The Myth Of ‘Fact-Checking’: How Facebook Created The World’s Largest Censorship Operation

The 2020 presidential election resulted in something I never thought I’d see — widespread, Soviet-style political censorship in American media. This censorship still dominates our discourse a year later, with no end in sight. There’s a lot to be said about how we got to this place, but it’s worth zeroing in on the two particular mechanisms for how this censorship is being enforced. The first is the rise of politicized media “fact-checkers,” and the second is Facebook. The fact these two entities have now joined forces means speaking freely online without an algorithm slapping a warning label on your opinion or psychoanalyzing your potential for extremism is becoming difficult. 

While I confess I didn’t see this censorship regime gaining power so quickly, as a reporter in D.C. for over 20 years, I did see plenty of warning signs.
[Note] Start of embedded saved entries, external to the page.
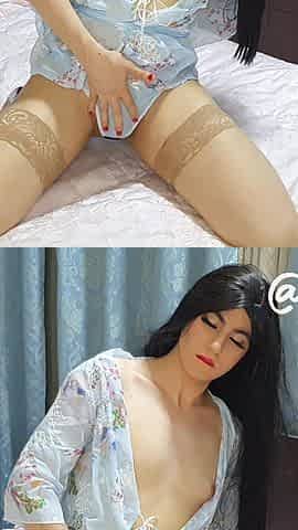 Very Cute Shemale Crossdresser Shows Ass and Cock in Bed
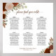 This 6 table wedding seating chart features a beautiful hand painted watercolor design with roses, flowers, and autumn foliage in shades of rust orange, coral peach, and burnt umber. It has space for 60 guests with 10 seats at each table, with an elegant script calligraphy title, and space for the names of the couple and wedding date below. Wonderful way to add a touch of boho chic fall colours to your wedding reception while making it easy for your guests to find their seats.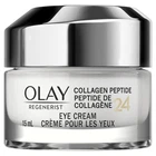 Product Page Olay Regenerist Collagen Peptide 24 Eye Cream, Fragrance-Free, 15 mL Health and Beauty Description: Your skin deserves plumping moisture with OLAY Regenerist Collagen Peptide 24. We're giving you transformative Collagen Peptide in one powerful, fragrance-free eye cream. This formula absorbs quickly, giving you 24 hours of hydration without a sticky, greasy feeling. It’s specifically formulated with tried-and-true ingredients, like Collagen Peptide and Vitamin B3+, to transform the look of your skin. And the longer you use this eye cream, the better your skin will look and feel. Immediately after use, puffiness under your eyes will be reduced and your eyes will look refreshed. On day 1, your eyes will look younger and the skin around them will appear brighter. With one week of use, you'll see a minimization in dark circles, fine lines, and crow's feet. You will also see an improvement in sagginess and elasticity around your eyes. Tap this cream around your eye area morning and night for vibrant and visibly nourished eyes. Stand up for ingredients you believe in and stand firm with your skin with OLAY Regenerist Collagen Peptide 24. Features: EXPERTLY FORMULATED: This fragrance-free eye cream gives you powerful results without a sticky, greasy feel TRIED-AND-TRUE INGREDIENTS: Specifically formulated with tried-and-true ingredients, like Collagen Peptide and Vitamin B3+, to transform the look of your skin 24 HOURS OF HYDRATION: Pat around your eye area morning and night for 24 hours of our formula’s hydration BENEFITS INCREASE OVER TIME: Immediately, puffiness under your eyes will be reduced and your eyes will look refreshed. On day 1, your eyes will look younger and the skin around them will appear brighter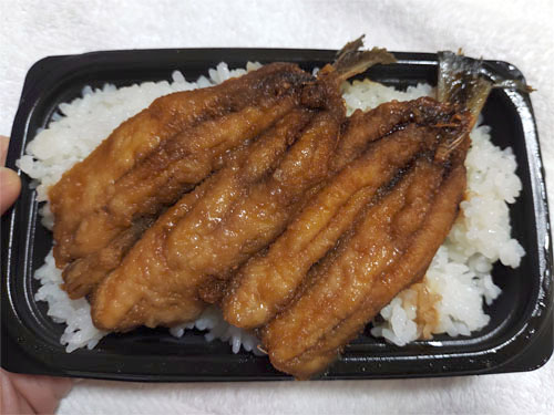 ・いわし蒲焼ご飯は、イワシの小骨がなくなるように1匹ずつ手開きし、さらに二度揚げして蒲焼にしています。少し甘めのたれに絡めて濃い味付けとなっていますのでご飯が進みます。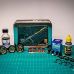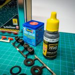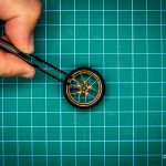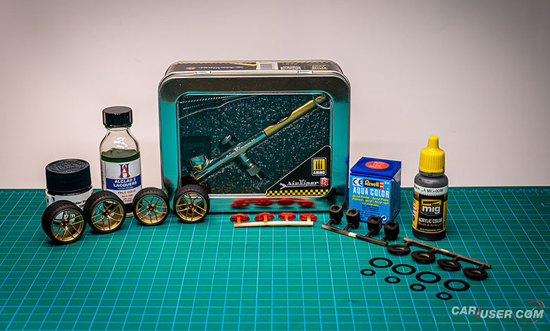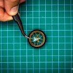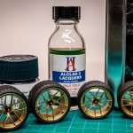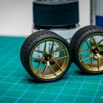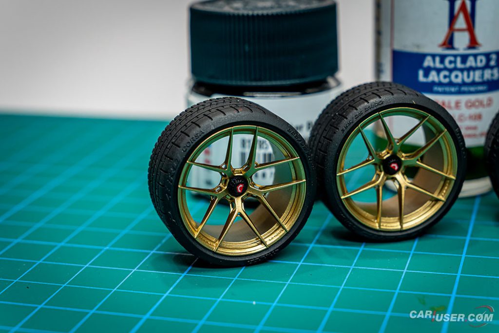 Sama platišča in pnevmatike so izdelane s pomočjo 3D tiska in so tako že pripravljena na barvanje. Pirellijeve pnevmatike smo odeli v Tamiyino XF-85 barvo, ki je posebej razvita za ponazarjanje pnevmatik, platišča pa smo pobarvali v Pale Gold odtenek Alcladeve posebne kovinske barve, ki so nam jo priskrbeli pri miniatures.si.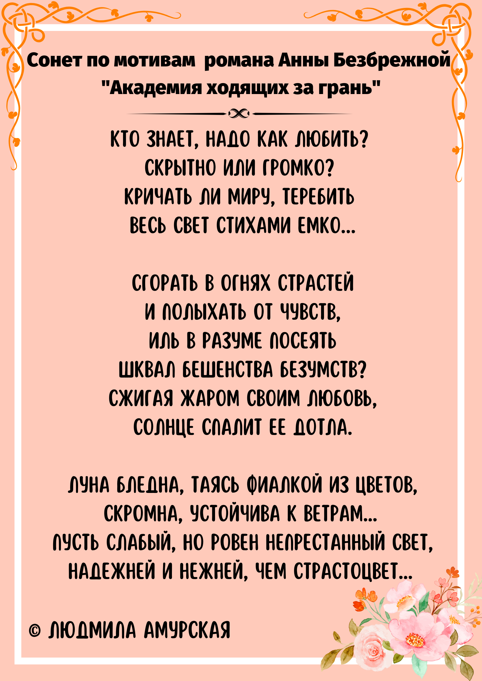 Сонет написала Людмила Амурская, член Союза журналистов России, писатель, поэт, публицист, литературовед и редактор литературно-художественного альманаха "Иной взгляд".
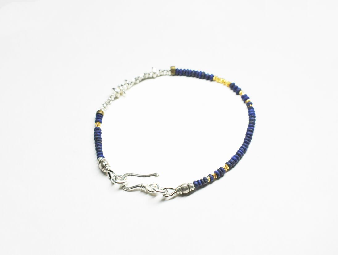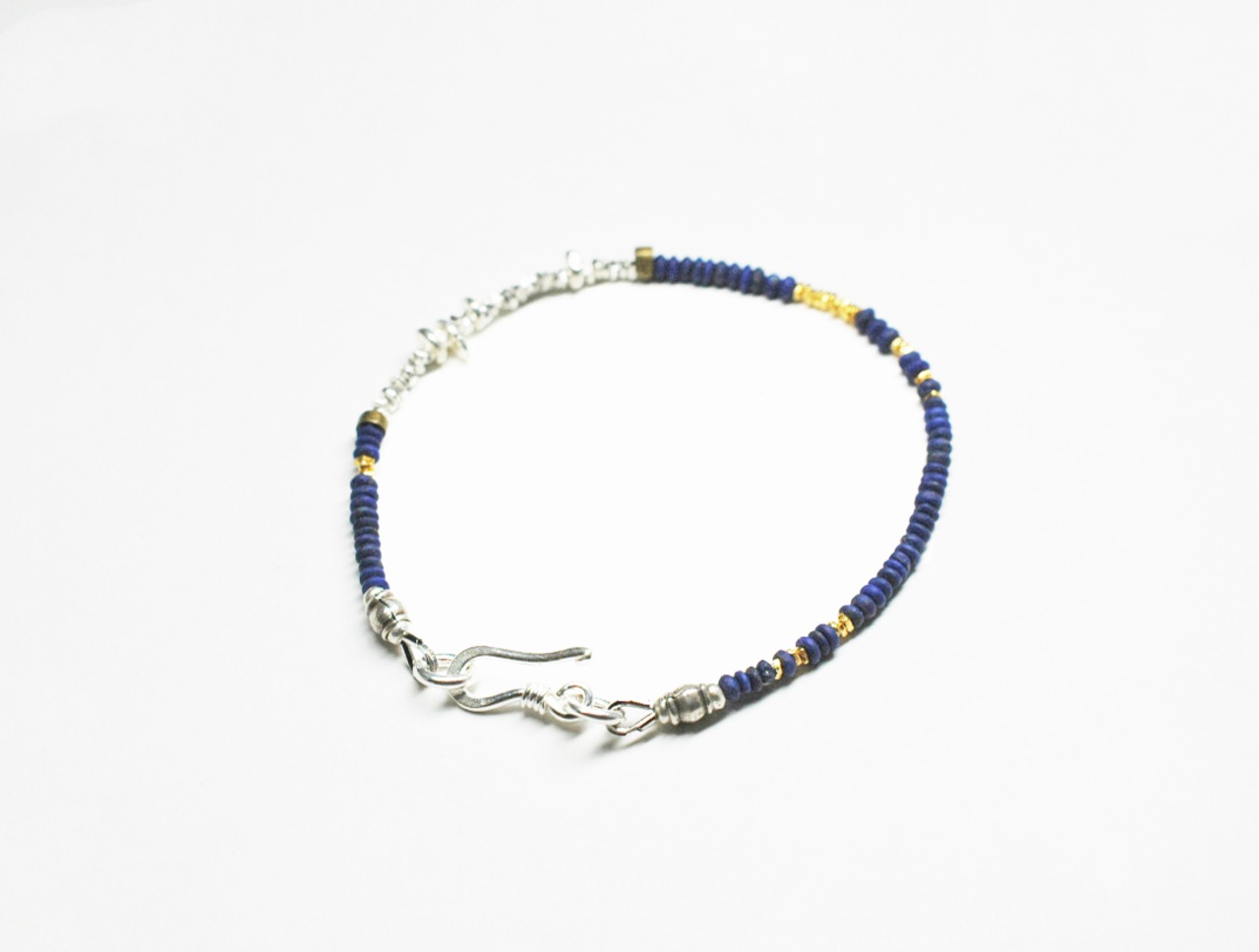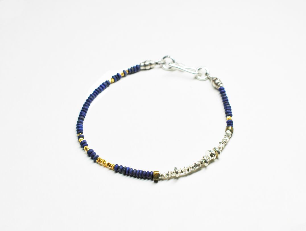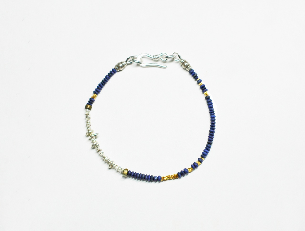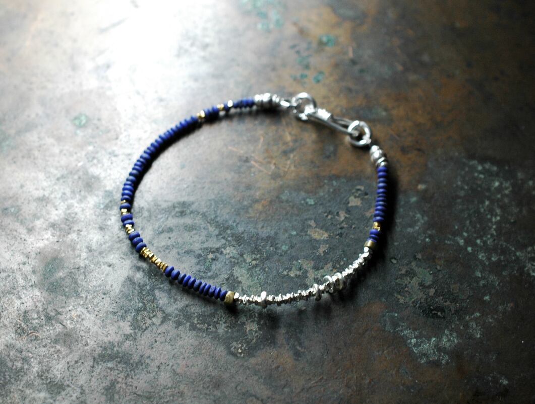 小さなラピスラズリと、さざれ型のカレンシルバービーズなどを繋げたブレスです。

One, in particular, was hard to ignore: In the summer of 2018, I was sitting in a staff meeting at the now-defunct magazine, The Weekly Standard, when an editor at the publication started yelling at me. 

At the time of the argument, The Weekly Standard was four months away from being shuttered, and though no one in the meeting knew we were facing the axe, a profound sense of unease had descended on the place. A hardline opposition to Trump wasn’t universally shared by the magazine’s staff, but for the two years following his election, top editors at the magazine regularly lambasted Trump and indulged in some regrettably erroneous Russia collusion reporting. This approach was not appreciated by our regular subscribers who had overwhelmingly voted for the president. 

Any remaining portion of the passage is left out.